SUPPLIED DATA:
..............................

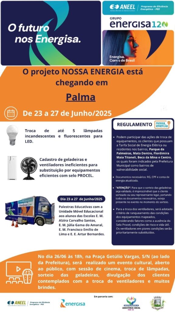E não para por aí! Na quinta-feira, 26/06, a Energisa promove um evento cultural, aberto ao público, com sessão de cinema, sorteio de geladeiras, brindes, e divulgação dos clientes contemplados com a troca de ventiladores. O evento será às 18h, na Praça Getúlio Vargas, S/N (ao lado da Prefeitura) – Centro, onde ficará estacionado a Unidade Móvel do Nossa Energia.
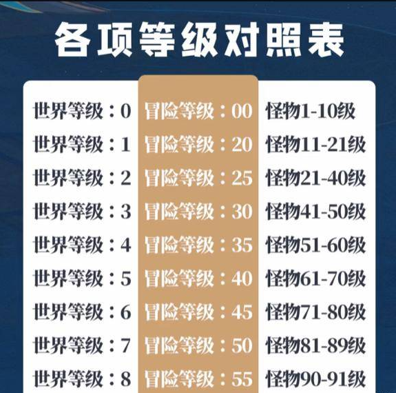 原神世界等级对应的怪物等级表格划分
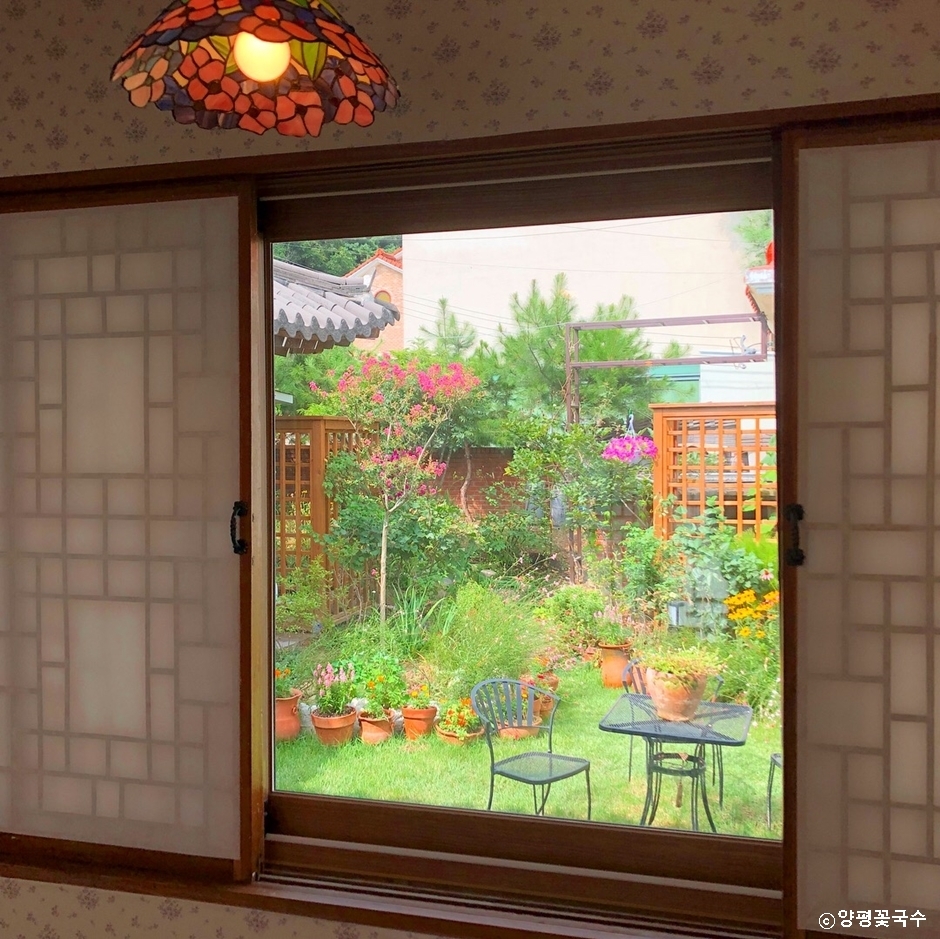 양평꽃국수는 양평군 옥천면 신복리에 있는 국수 전문점이다. 한옥을 개조하여 형형색색 화려한 꽃과 나무들이 배치되어 맛은 기본이고 눈에 들어오는 풍경에 눈길을 빼앗기는 곳이다. 대표 음식인 송이갈비국수에 들어가는 사골 육수는 야채가 듬뿍 들어가 진하면서 시원한 맛이 일품이다. 모두 국수 위에 음식 맛만큼 예쁜 꽃이 올라가 눈이 더욱 즐거운 음식을 제공한다.
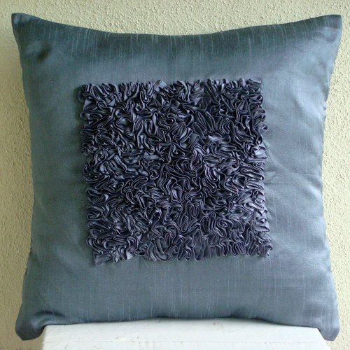 Vintage Blue Love - Decorative Throw Pillow Cover. This pillow cover on a dull blue color art silk dupioni fabric adorned romantically with matching ribbon hand embroidered in the center of the pillow cover. The back of the pillow is the same dull blue Silk Dupioni fabric with a flap covered zipper for clean look and easy removal. This pillow cover is available in Size 16x16 inches, 18x18 inches, 20x20 inches, 22x22 inches and 24x24 inches. Note: This Pillow Cover Design can be Customized in Other Sizes. Send me an email on urvi@thehomecentric.com with your request. Made In India under strict Quality & Environmental standards.

..............................

TASK STATEMENT:
When you find the line that contains "原神世界等级对应的怪物等级表格划分", retype it and every line after it through the end of the data above, exactly, with no pictures.

YOUR SOLUTION:
 原神世界等级对应的怪物等级表格划分
 양평꽃국수는 양평군 옥천면 신복리에 있는 국수 전문점이다. 한옥을 개조하여 형형색색 화려한 꽃과 나무들이 배치되어 맛은 기본이고 눈에 들어오는 풍경에 눈길을 빼앗기는 곳이다. 대표 음식인 송이갈비국수에 들어가는 사골 육수는 야채가 듬뿍 들어가 진하면서 시원한 맛이 일품이다. 모두 국수 위에 음식 맛만큼 예쁜 꽃이 올라가 눈이 더욱 즐거운 음식을 제공한다.
 Vintage Blue Love - Decorative Throw Pillow Cover. This pillow cover on a dull blue color art silk dupioni fabric adorned romantically with matching ribbon hand embroidered in the center of the pillow cover. The back of the pillow is the same dull blue Silk Dupioni fabric with a flap covered zipper for clean look and easy removal. This pillow cover is available in Size 16x16 inches, 18x18 inches, 20x20 inches, 22x22 inches and 24x24 inches. Note: This Pillow Cover Design can be Customized in Other Sizes. Send me an email on urvi@thehomecentric.com with your request. Made In India under strict Quality & Environmental standards.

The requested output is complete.